Тема любви не рѣдка у Смоленскаго, но она всегда, безъ единаго исключенія, связана съ темой страданія и смерти. Характеръ этой связи своеобразенъ и показателенъ: страданіе и смерть здѣсь всегда даны не какъ осложненіе любовной коллизіи, а наоборотъ: не покидающее поэта чувство обреченности, безвыходности, предсмертной тоски составляетъ основной фонъ всѣхъ его переживаній; любовь вычерчиваетъ на этомъ фонѣ лишь слабый, едва примѣтный рисунокъ, осложняетъ первоначальное чувство, но вслѣдъ за тѣмъ сама имъ поглощается:

У насъ оледенѣла кровь
Отъ ожиданья и печали,
Свою умершую любовь
Мы въ страхѣ къ сердцу прижимали.

Мы думали, что оживетъ,
Мы вѣрили, что будетъ вѣчной…
Но время продолжало летъ,
Безсмысленный и безконечный.

И проходилъ за срокомъ срокъ,
И слѣпли темныя надежды,
И падали у нашихъ ногъ
Ея истлѣвшія одежды.

И открывалось намъ лицо
И тлѣньемъ тронутое тѣло,
И обручальное кольцо
На пальцѣ высохшемъ темнѣло…

Въ общей системѣ переживаній Смоленскаго любовь занимаетъ мѣсто прибѣжища, въ которомъ онъ ищетъ спасенія или утѣхи.

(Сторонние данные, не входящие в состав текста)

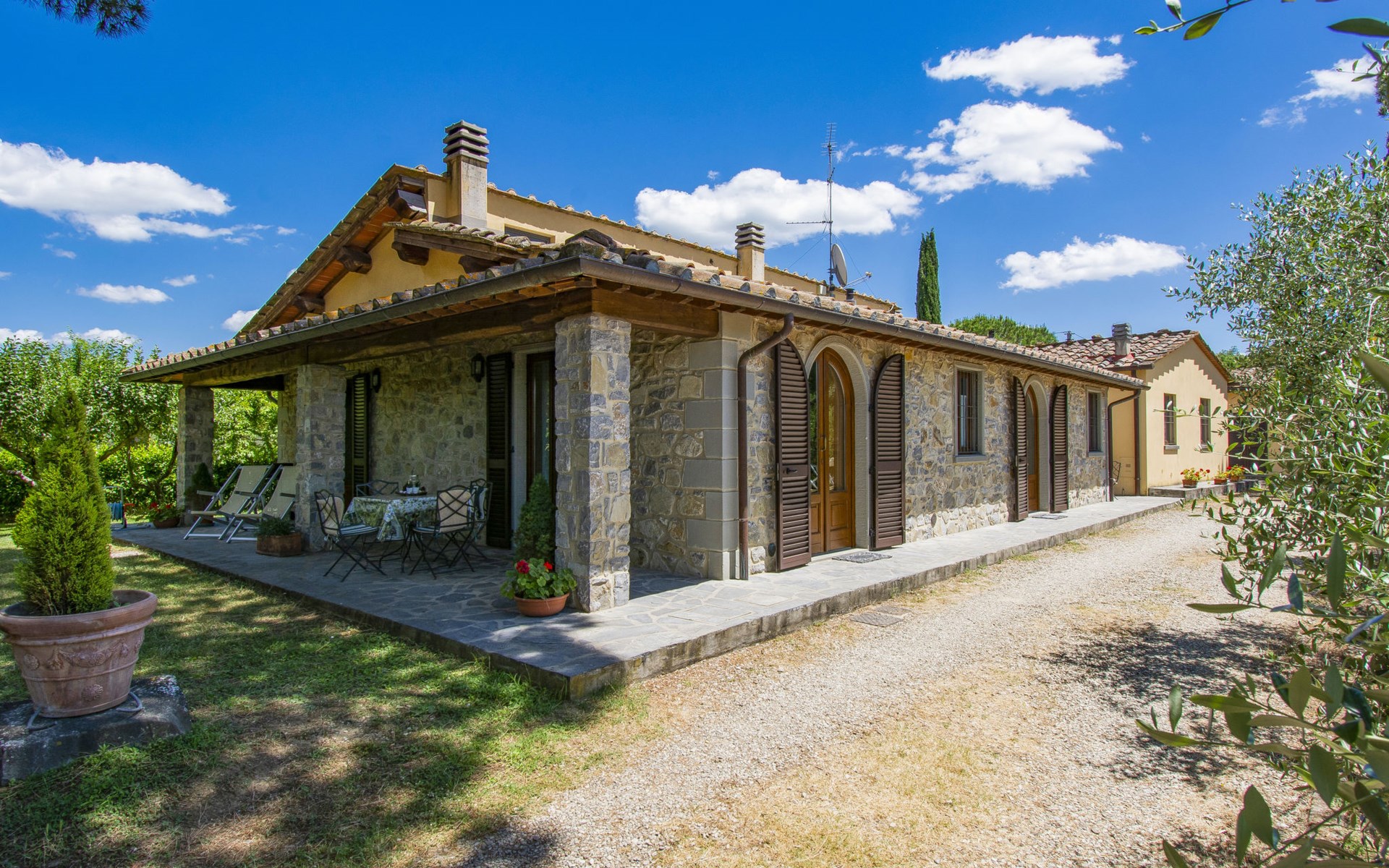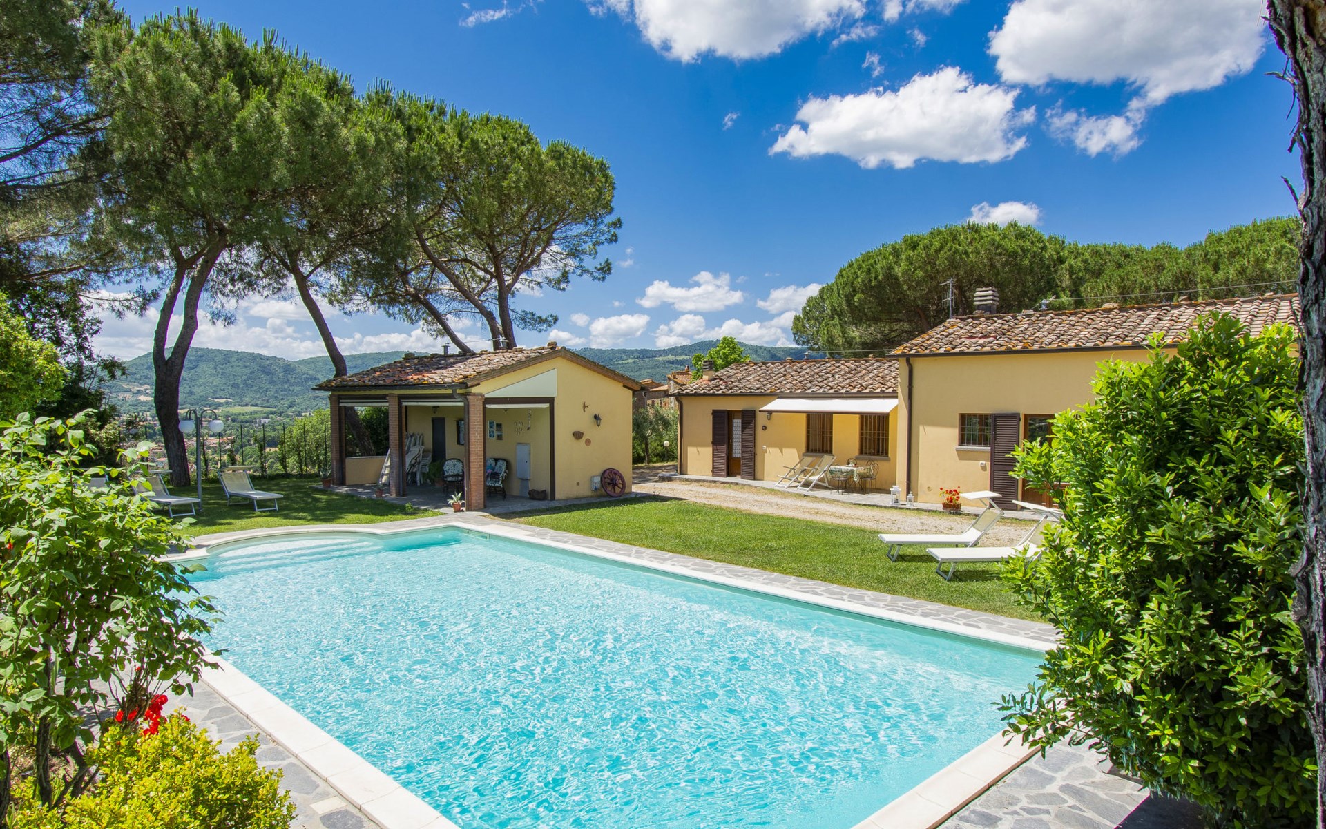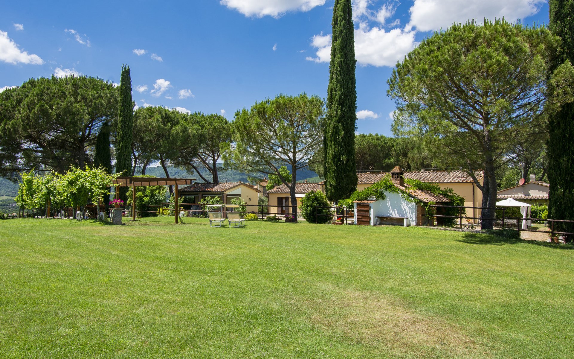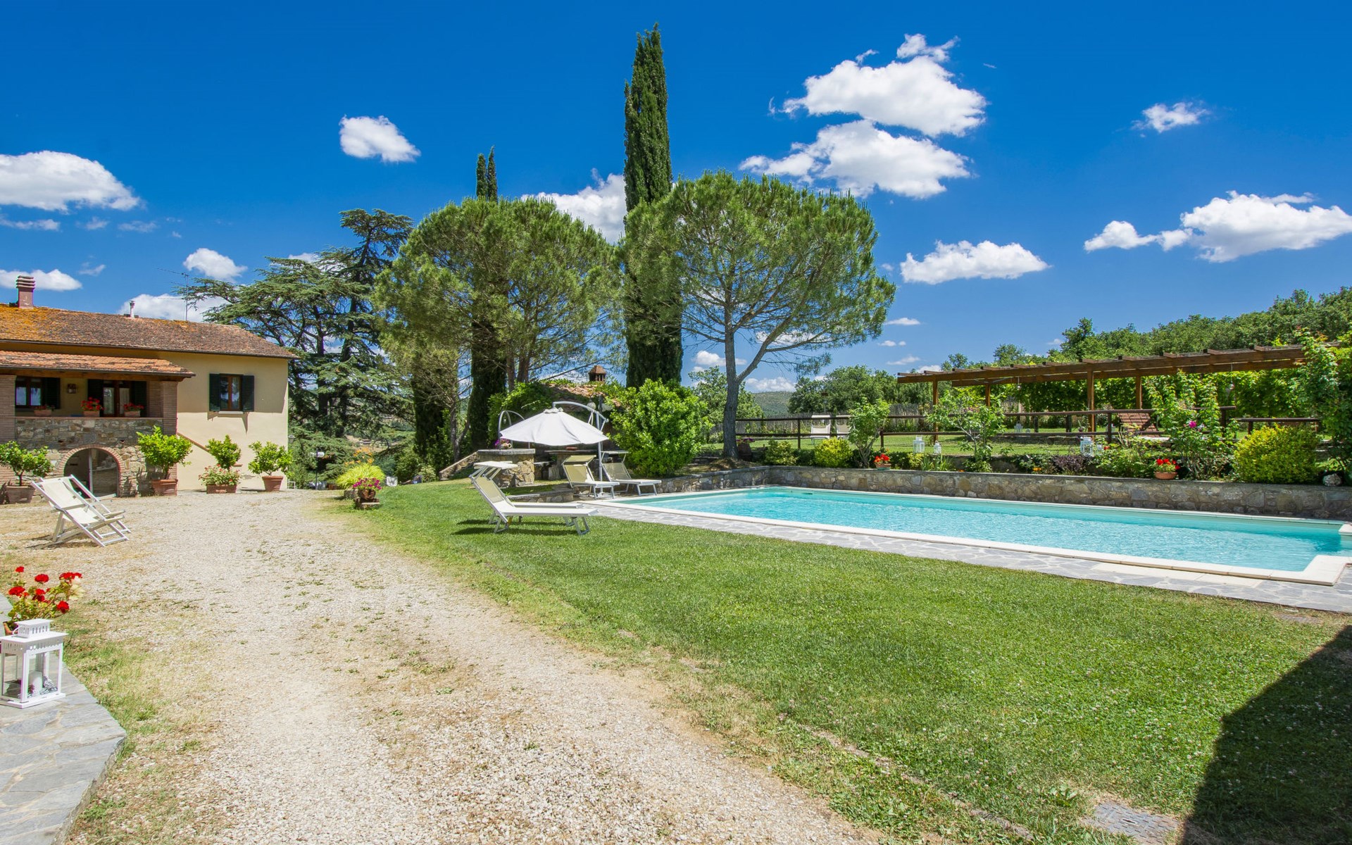Residenz "Cedri Alti", umgeben von Bäumen und Feldern. 4 Häuser in der Residenz. Oberhalb von Gavignano in Val d'Ambra, 5 km vom Zentrum von Bucine, 1 km vom Zentrum von Ambra, 32.5 km vom Zentrum von Arezzo, ruhige, erhöhte Lage. Zur Mitbenutzung: Grundstück 14 ha, Garten 6'000 m2 (eingezäunt) mit Rasen und Bäumen, Wiese, Obstgarten, Schwimmbad (12 x 6 m, 70 - 240 cm tief, saisonale Verfügbarkeit: 15.Apr. - 31.Okt. Öffnungszeiten Schwimmbad: 00:01-24:00). Aussendusche, Poolhaus, Tischtennis, Terrasse, Gartenmöbel, Grill. Im Hause: Tischtennis, Tischfussball. Parkplatz. Einkaufsgeschäft 1.4 km, Supermarkt 7 km, Bushaltestelle 500 m, Bahnstation "Bucine" 3 km, Sandstrand "Castiglione della Pescaia" 125 km, Freibad 1 km. Tennis 1 km, Reitstall 1 km. Nahe gelegene Sehenswürdigkeiten: Siena 40 km, Montepulciano 55 km, Firenze 65 km, Equestrian Center Arezzo 25 km. Bitte beachten: geeignet für Familien.
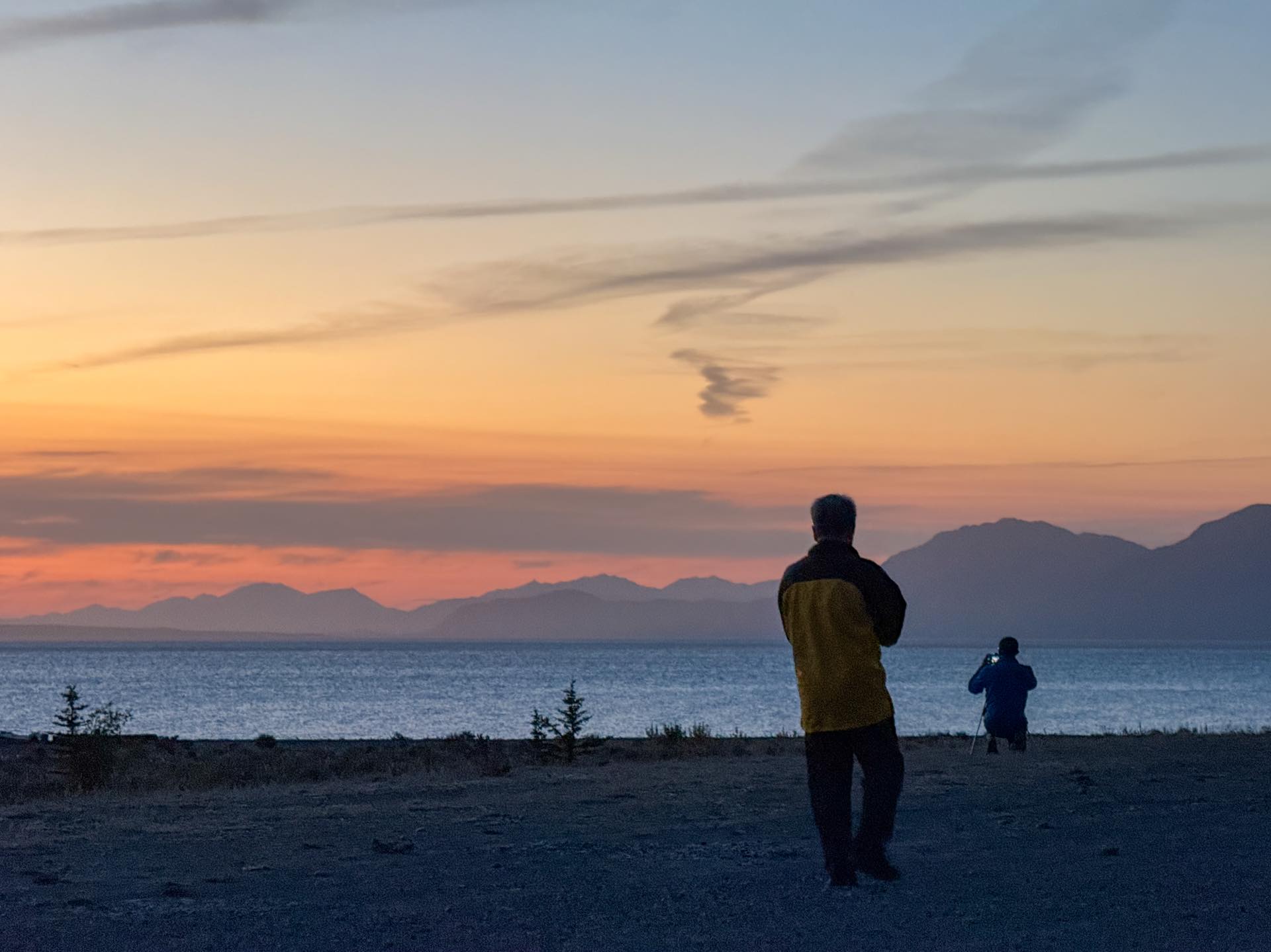 素晴らしい山岳風景と静粛さが魅力のプライベートロッジには、ダイニングやリビングルームのあるメインロッジと宿泊用のキャビンがあり、メインロッジには温水シャワーと水洗トイレも完備されています。ロッジ滞在中は、ツアーに同行する専属シェフによる手料理をお楽しみください。決して豪華絢爛ではありませんが、極北ならではの食材を使い、家庭的で心温まる食事が人気です。ロッジでは自分の部屋を一歩外に出れば、そこはオーロラ鑑賞地。いつでも好きなだけオーロラを待つこともできます。また、楽しみは夜のオーロラだけではありません。クルアニ連山が赤やピンクに染まるマジックアワーは感動的なほど美しく、その景色は見る者の心に深く刻まれることでしょう。
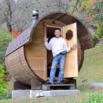 ▲バレルサウナの外観はまさに巨大な樽そのもの。直径・奥行きともに約2mだが、内部は大人4名での使用に十分な空間を備えている
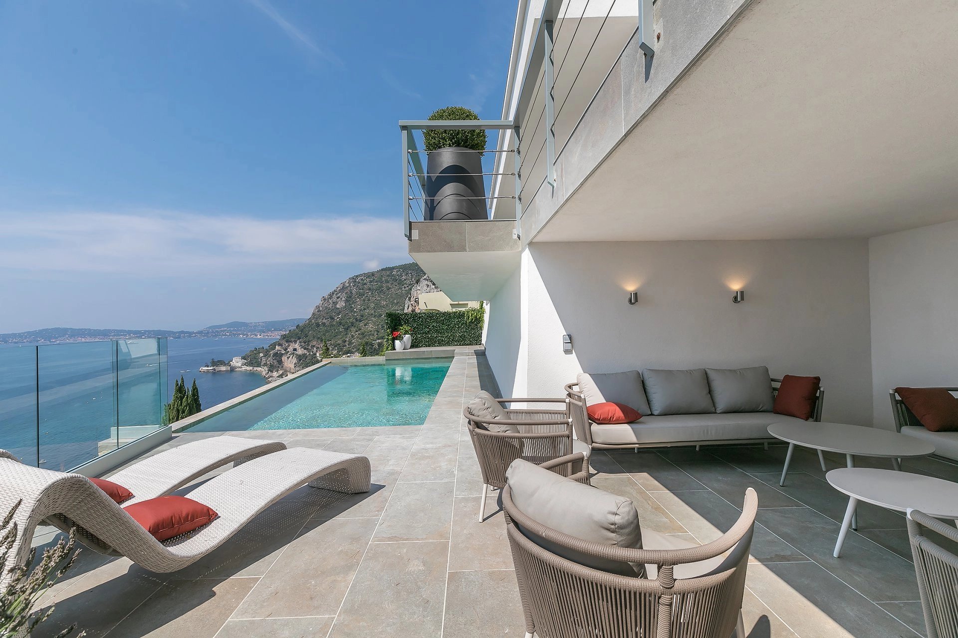 Exceptionnelle situation, à quelques minutes de Monaco au coeur d'un petit domaine fermé, pour cette villa moderne entièrement rénovée. Elle bénéficie d'une vue époustouflante sur la plage de la Mala et la péninsule de Saint Jean Cap Ferrat. Grand séjour/ salle à manger avec cuisine américaine, 4 chambres en suite, dont une de Maître, nombreuses terrasses, et espaces de détente, belle piscine à débordement. 3 parkings et un garage.
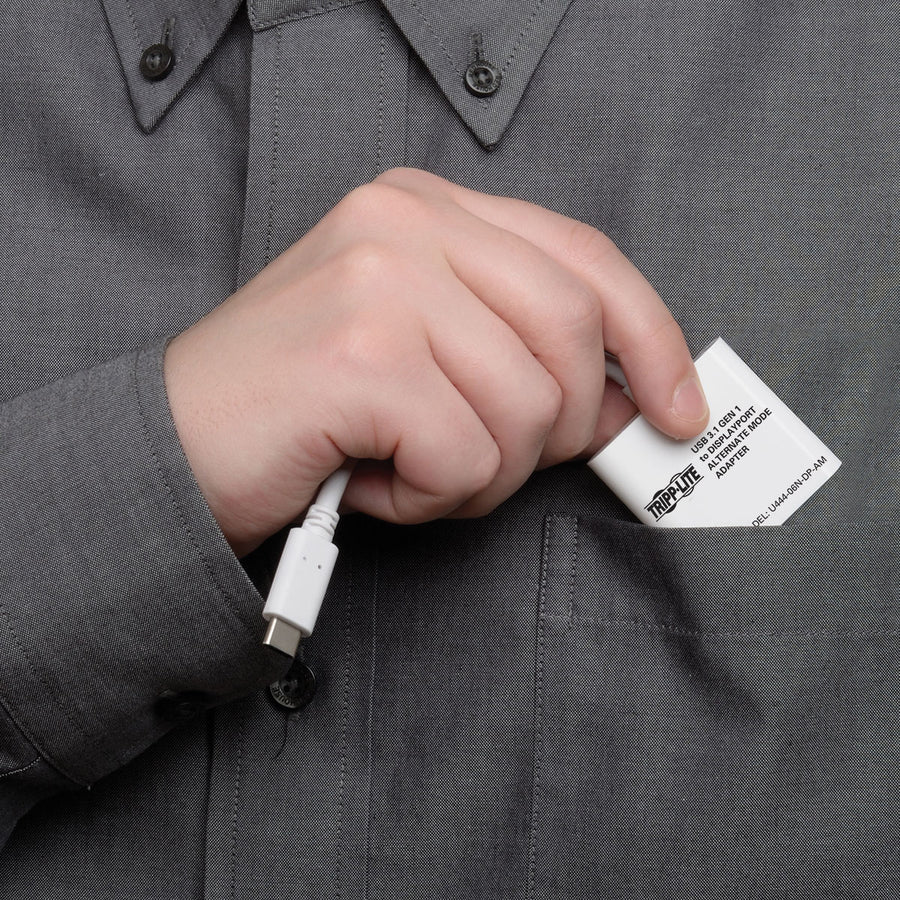 The plug-and-play U444-06N-DP-AM requires no software, drivers or external power. Connect the reversible USB-C plug to your source device's USB-C or Thunderbolt 3 port. The fumble-free USB-C plug connects in either direction to ensure fast, easy connection every time. Then, connect the DisplayPort to your display using a DisplayPort cable (sold separately).

Она для него — наркозъ, дѣйствующій медлительно. Мы не ошибемся, если скажемъ, что самое чувство любви несравненно ему дороже, нежели ея объектъ.. Поэтому въ его стихахъ есть любовь, но нѣтъ возлюбленной. Если бы черезъ сто лѣтъ біографъ Смоленскаго вздумалъ воспользоваться его книгой, какъ матеріаломъ для его сердечной исторіи, — провалъ такому изслѣдованію обезпеченъ — онъ не найдетъ матеріала. Но этой книгѣ нельзя установить образа отдѣльныхъ героинь. Можетъ быть, каждое стихотвореніе предполагаетъ особую героиню, можетъ быть — всѣ посвящены одной. Это не случайно, и съ литературной точки зрѣнія здѣсь нужно видѣть достоинство, а не недостатокъ. Всякая индивидуализація была бы здѣсь нарушеніемъ художественной экономіи, потому что уводила бы вниманіе въ сторону, несущественную для главной темы. Всякая любовь у Смоленскаго обречена неизбѣжному омертвѣнію. Только этотъ, всегда единообразный, процессъ его и занимаетъ. Объектъ любви въ этомъ случаѣ несущественъ, и естественно, что Смоленскому до него нѣть дѣла. Потому и любовная тема не отвлекаетъ его отъ темы одиночества. Напротивъ, одиночество ею лишь обостряется.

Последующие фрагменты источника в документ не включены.